If these were not enough, another complication comes from the lack of strict standards in most of HTML documents and to some extent, in ASP/ASP.NET documents. A considerable percentage of these documents are syntactically incorrect, they have missing or wrong elements, missing or wrong attribute and attribute values, as well as structural problems like overlapped or misplaced blocks of code.
All these considerations must be taken into account for a parser to be useful in an ASP/HTML development environment. Additional complications and incompatibilities between XML and HTML are mentioned by Jeff Heaton, http://www.developer.com/net/csharp/article.php/10918_2230091_1. It is also important to take into account that the correct parsing and interpretation of a document depends on the specified doctype (http://www.alistapart.com/articles/doctype/).
Now that we have listed some of the challenges, let’s explore a situation that will happen when parsing ASP/ASP.NET source code; it illustrates why a specifically developed parser is necessary.
ASP controls with mixed content
New ASP.NET control tags can define nested sections that contain normal HTML tags.
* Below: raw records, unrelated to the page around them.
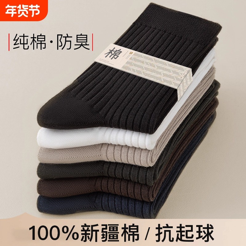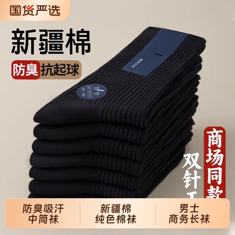 诸暨袜子男秋冬季防臭吸汗中筒袜运动潮流纯色棉袜男士新疆棉长袜
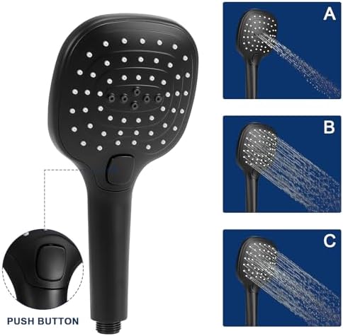 - HANDHELD SHOWER WITH PUSH BUTTON FLOW CONTROL: Large 4.7 Inches hand hold shower head for wide water flow coverage. With a convenience push of a button,switch flow settings,enjoy 3 shower settings of Raining Mode, Massage Mode, Mixed Mode.
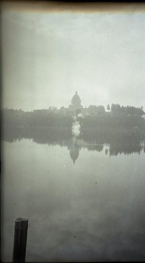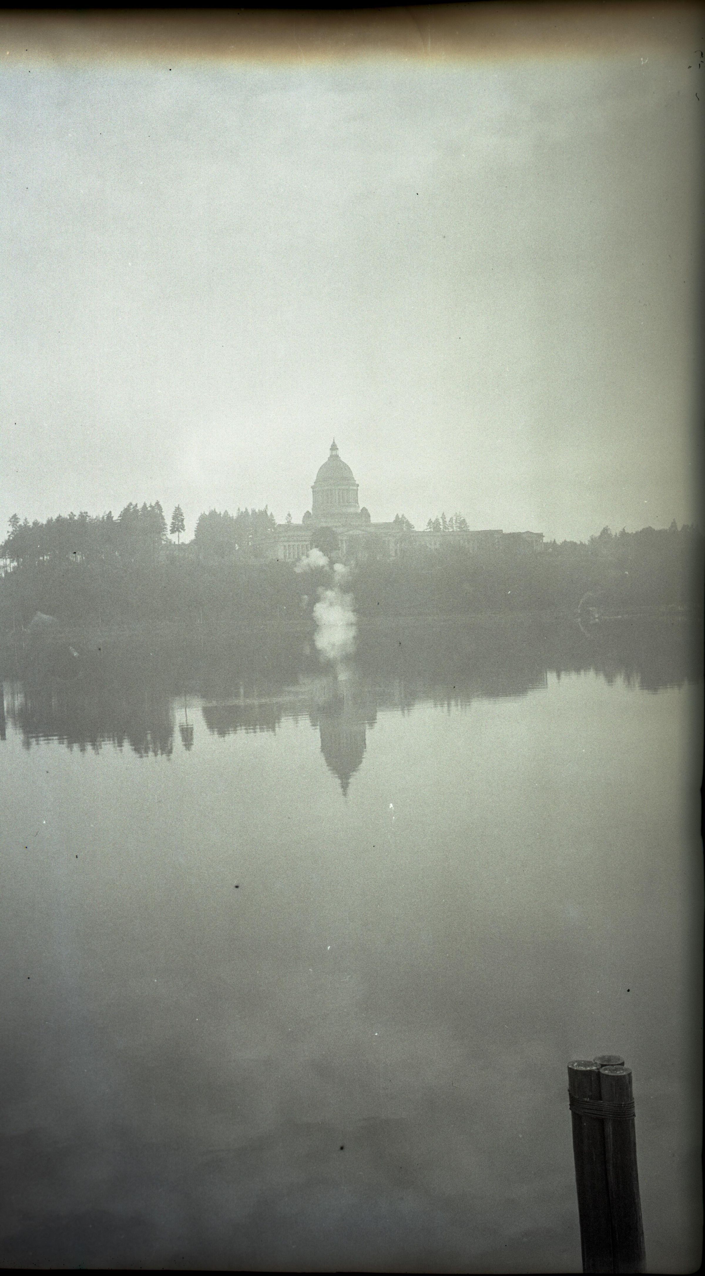 Black and white negative of the Capitol group. In the foreground is the water of the Des Chutes River. In the background is the Legislative Building, some of the other state buildings, and trees. The trees and Capitol dome are reflected in the water. There is a white border on all sides, and in the bottom border is "Olympia #743 1936". On the back is a stamp that is mostly unreadable but may be "588".
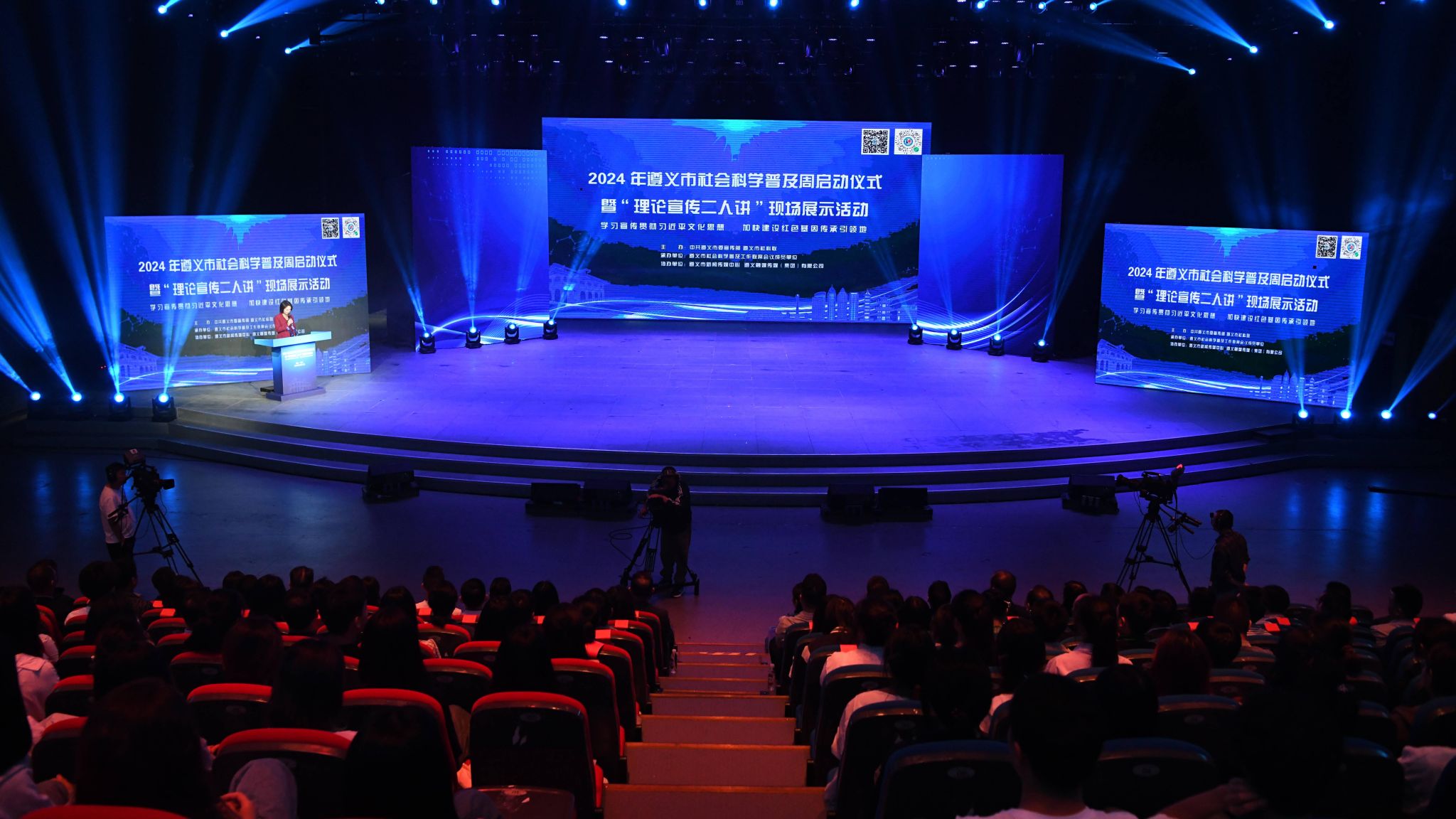 5月21日,2024年遵义市社会科学普及周启动仪式暨“理论宣传二人讲”现场展示活动在遵义市广电中心一楼演播大厅举行。
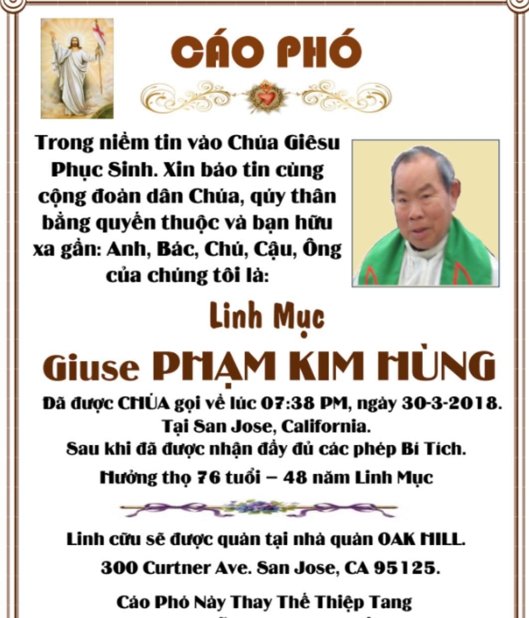 Lm Phạm Kim Hùng đã kết thúc cuộc lữ hành trần thế tại San Jose, California
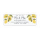 Add a fresh touch to your wedding correspondence with this beautifully designed lemon-themed return address label. Featuring charming lemons with lush green leaves and delicate blossoms, this label exudes Mediterranean-inspired elegance. The names of the future Mr. and Mrs. are displayed in stylish script calligraphy, creating a timeless and sophisticated look. The crisp white background enhances the design, while vibrant lemon-yellow accents add a cheerful touch. Perfect for summer weddings, garden celebrations, or rustic countryside events. Fully customisable to match your wedding details.
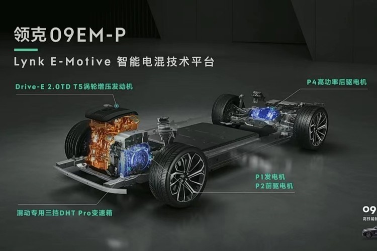 雖然目前官方暫未披露具體信息,但個(gè)人猜測(cè)很可能是類(lèi)似領(lǐng)克09 EM-P的電混技術(shù),包括重新調(diào)校的2.0T混動(dòng)專(zhuān)用發(fā)動(dòng)機(jī),以及前橋P1 P2雙電機(jī)(也有可能是類(lèi)似領(lǐng)克08的P1 P3雙電機(jī)),外加獨(dú)立后橋P4電機(jī)驅(qū)動(dòng)。
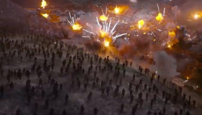 在零下四十度的严寒中,在连炮火都被冻住的情况下,志愿军向美军发动攻击,壮阔的场面让人肾上腺素飙升,搭配BGM,又有一种令人动容的悲壮感。
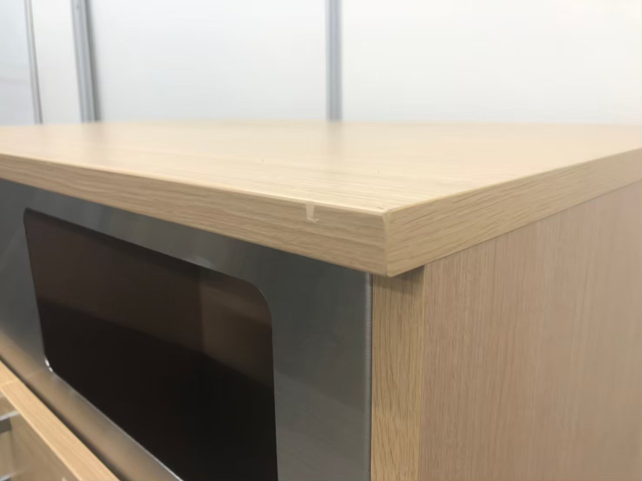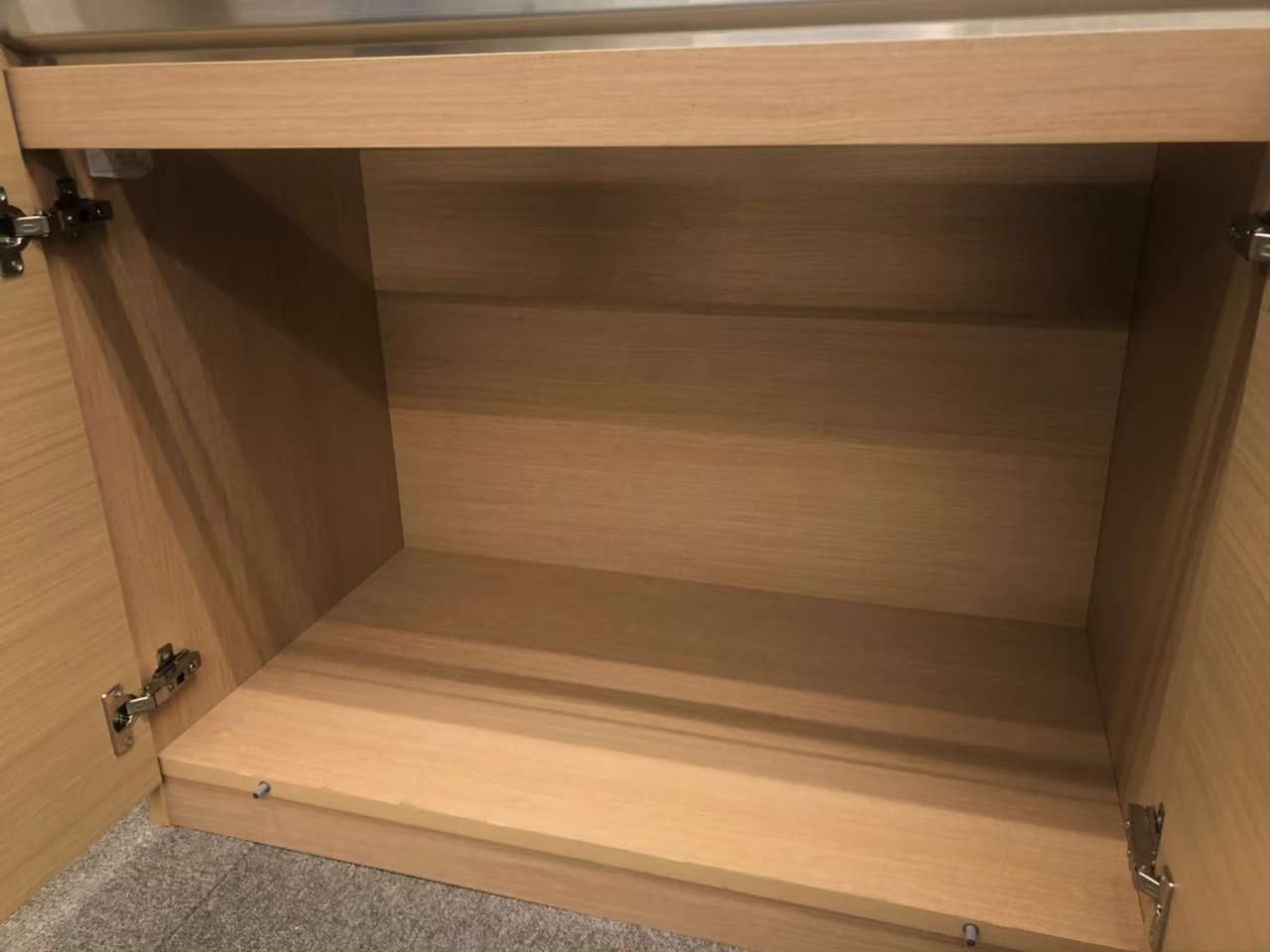 ナチュラル色のお洒落なキャビネットとなり、
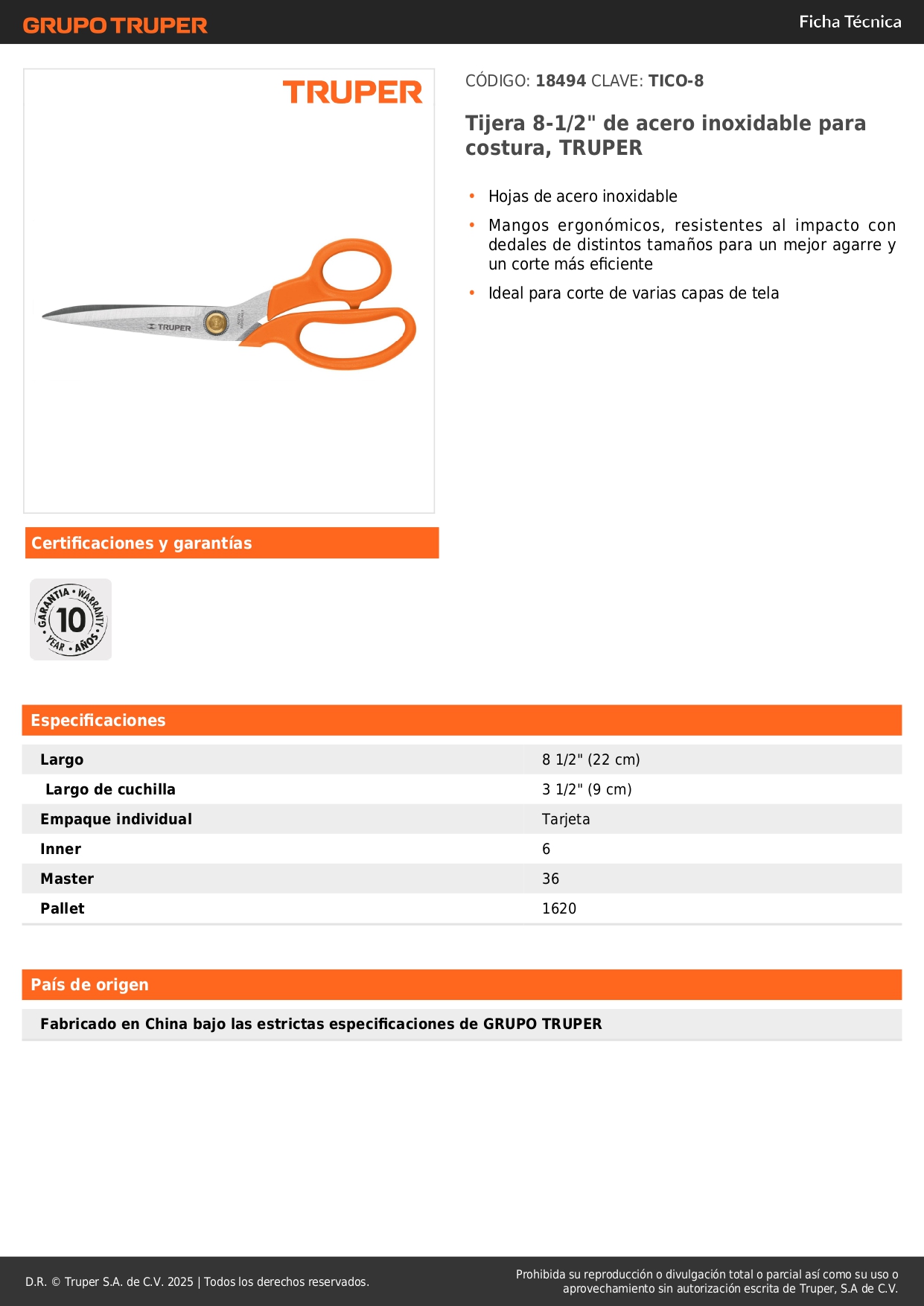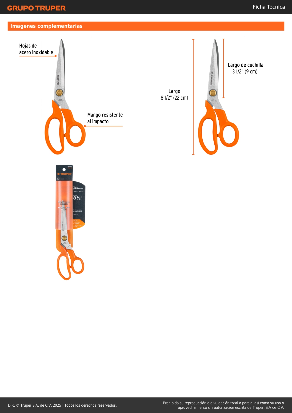 Tijera 8-1/2'' de acero inoxidable para costura. truper

This type of structure has the following pattern:
<aspTag>
<section1>
HTMLContent1
</section1>
<section2>
HTMLContent2
</section2>
…
<sectionN>
HTMLContentN
</sectionN>
</aspTag>
If HTMLContent1, HTMLContent2, etc are independent they can be parsed and processed without additional preprocessing. This is not the case when there are dependencies between HTMLContent1, HTMLContent2, for example:
<asp:Repeater runat="server">
<HeaderTemplate>
<table>
</HeaderTemplate>
<ItemTemplate>
<tr><td>
<%# DataBinder.Eval(Container.DataItem, "Title") %>
<hr>
<%# DataBinder.Eval(Container.DataItem, "Abstract") %>
</td></tr>
</ItemTemplate>
<FooterTemplate>
</table>
</FooterTemplate>
</asp:Repeater>
This type of dependency breaks the XML scheme and will make a normal XML or HTML parser fail.
Solution strategy
The solution involves one preparation step and additional considerations when working with the parser output.
Preparation step
The section opening and closing tags will be flattened and converted to a special tag (UnknownTag) that can be identified by the parser component users. In this way the different HTML content sections are reunited for parsing and transformation purposes.
Example:
[SOURCE]
<asp:Repeater runat="server">
< HeaderTemplate>
<table>
</HeaderTemplate>
< ItemTemplate>
<tr><td>Hello world!</td></tr>
</ ItemTemplate>
<FooterTemplate>
</table>
</FooterTemplate>
</asp:Repeater>
[PREPARED]
<asp:Repeater runat="server">
<UnknownTag “@AISHeaderTemplate” />
<table>
<UnknownTag “@AISHeaderTemplateClose” />
<UnknownTag “@AISItemTemplate” />
<tr><td>Hello world!</td></tr>
<UnknownTag “@AISItemTemplateClose” />
<UnknownTag “@AISFooterTemplate” />
</table>
<UnknownTag “@AISFooterTemplateClose” />
</asp:Repeater>
This flattened structure can be parsed and the result can be the input for other processes.
Transformation considerations
The tags generated in the preparation step must be ignored by all transformations and must remain in the final transformation result.
Pretty-printing step
The tags generated in the preparation step will need to be restored to the original tag.
We have seen what types of problems will need to be considered when writing and using a parser for real-life, probably incomplete and XML incompliant ASP and HTML documents. In future discussions we will consider more specific problems like error recovery.
Happy parsing!